I biught my Tormek for the specific task of sharpening gouges which it does extreamly well. I have the 10" wheel and the concave grind is almost unnoticable.

As the Veritas is quite small I wounder if the part of the blade towards the center of the disc will be slower to sharpen than that at the outside less feet per minute of abrasive. You also don't get the leather honing disc. 

Jason


----------



## engineer one (10 Sep 2006)

roger, as a regular user of the tormek for sharpening, i would say that 
the curve is a bit of a red herring.

for personal use, i take a new, or old chisel and clean the back on the 
side of the wheel , then clean up on my diamond or water stones, and finally polish on the leather wheel. seems to work well, and i can after practice, keep the blade level. then i make the edge, remove the burr, and
then set the final bevel on a water or oil stone. just like sorting a 
secondary bevel on a hand held system, you have a bunch of area to work
with till you need to re sharpen.

in my experience the tormek gets you to the starting blocks more
quickly than doing it by hand, and you can then fettle at the end.

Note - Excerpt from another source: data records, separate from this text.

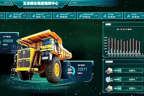 在采礦智能化生產(chǎn)調(diào)度中心,生產(chǎn)數(shù)據(jù)大屏幕實時顯示車輛分布,自動規(guī)劃采礦作業(yè)生產(chǎn)計劃。通過采礦系統(tǒng)的建設(shè),實現(xiàn)地質(zhì)、測量、采礦設(shè)計數(shù)字化、生產(chǎn)調(diào)度指揮智能化、采礦安全監(jiān)管實時化、設(shè)備和能耗管控自動化、礦山生產(chǎn)及設(shè)備無人值守。
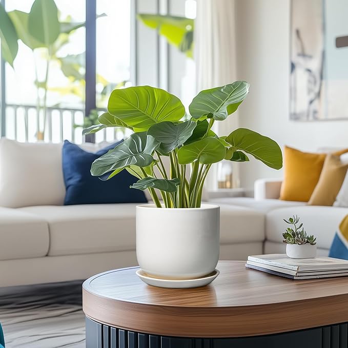 Ceramic Pot for Plants 7 Inch - Modern Round Indoor Outdoor Planter with Drainage Hole and Saucer, Home House Office Room Decor, White
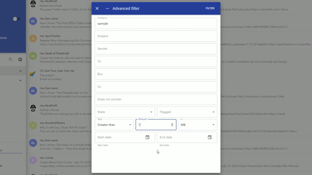 Trova rapidamente email o allegati specifici utilizzando criteri dettagliati come mittente, oggetto, destinatari, stato, dimensione e intervallo di date.
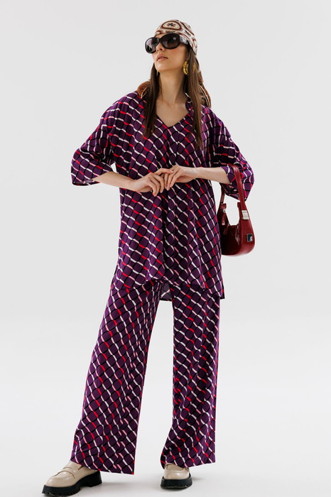 Костюм двухпредметный: состоит из блузы и брюк. Элегантная блуза с V-образным вырезом горловины и воротником стойкой, без застёжки. Спинка и полочка цельные, на полочке заложена односторонняя складка. Линия плеча приспущенаи. Рукав три четверти со складками. Брюки  свободного кроя c карманами, верхний срез представлен широкой резинкой.
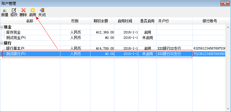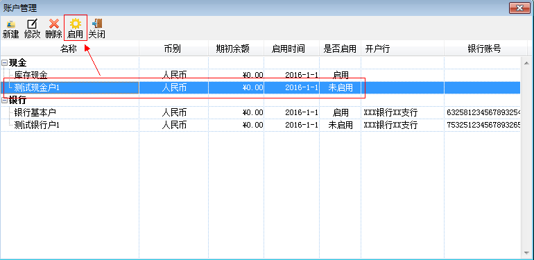 现金账户启用:对尚未启用的现金账户进行启用。点击工具栏【启用】,如图
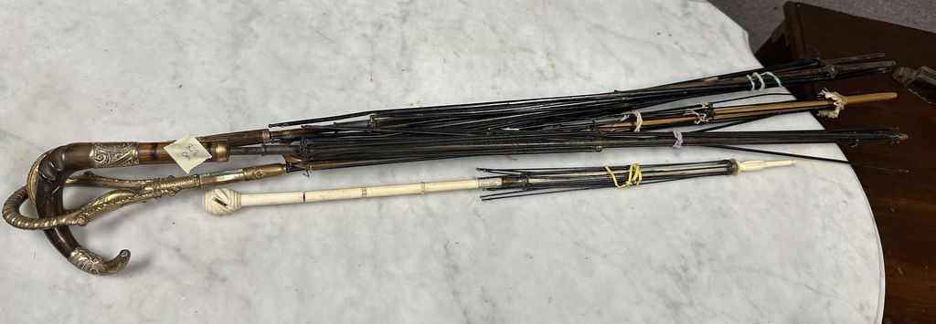Collection of Vintage Umbrella Handles, frames, Location Left Office 1 Collection of Vintage Umbrella Handles, frames, Location Left Office 1
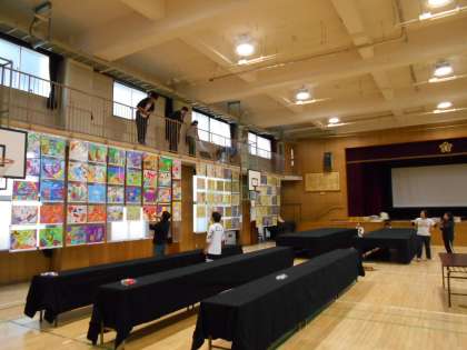 放課後、子どもたちの作品を順次講堂に展示していくなど、準備は着々と進んでいます。
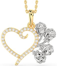 Romantic and full of charm, this pendant intertwines a delicately swirling heart with a graceful bouquet of sculpted roses. The contrast of soft sparkle and floral detail creates a design that speaks to love in full bloom. With its poetic elegance and heartfelt symbolism, this piece is a beautiful tribute to affection that blossoms and flourishes with time.

i am sure the veritas flat wheel is good. all rob's stuff seems to be 
well thought out and well made/engineered, but having one of the
draper flat wheels i found it a pita to get a decent flat back due to the 
variable speed geometry.

having used the side of the tormek wheel, i am now thinking about
adapting an old B&D one sided grinder with a pto to fit an mdf 
disc so i can use that australian method shown elsewhere here, sorry 
can't provide the link, with abrasive put up vertically, and flat.

paul :wink:


----------



## Derek Cohen (Perth Oz) (10 Sep 2006)

> in my experience the tormek gets you to the starting blocks more
> quickly than doing it by hand, and you can then fettle at the end.



Paul

If all you are really using the Tormek for is to create the primary bevel, then surely there are quicker and cheaper ways to do this. Such as a belt sander (which you know I use).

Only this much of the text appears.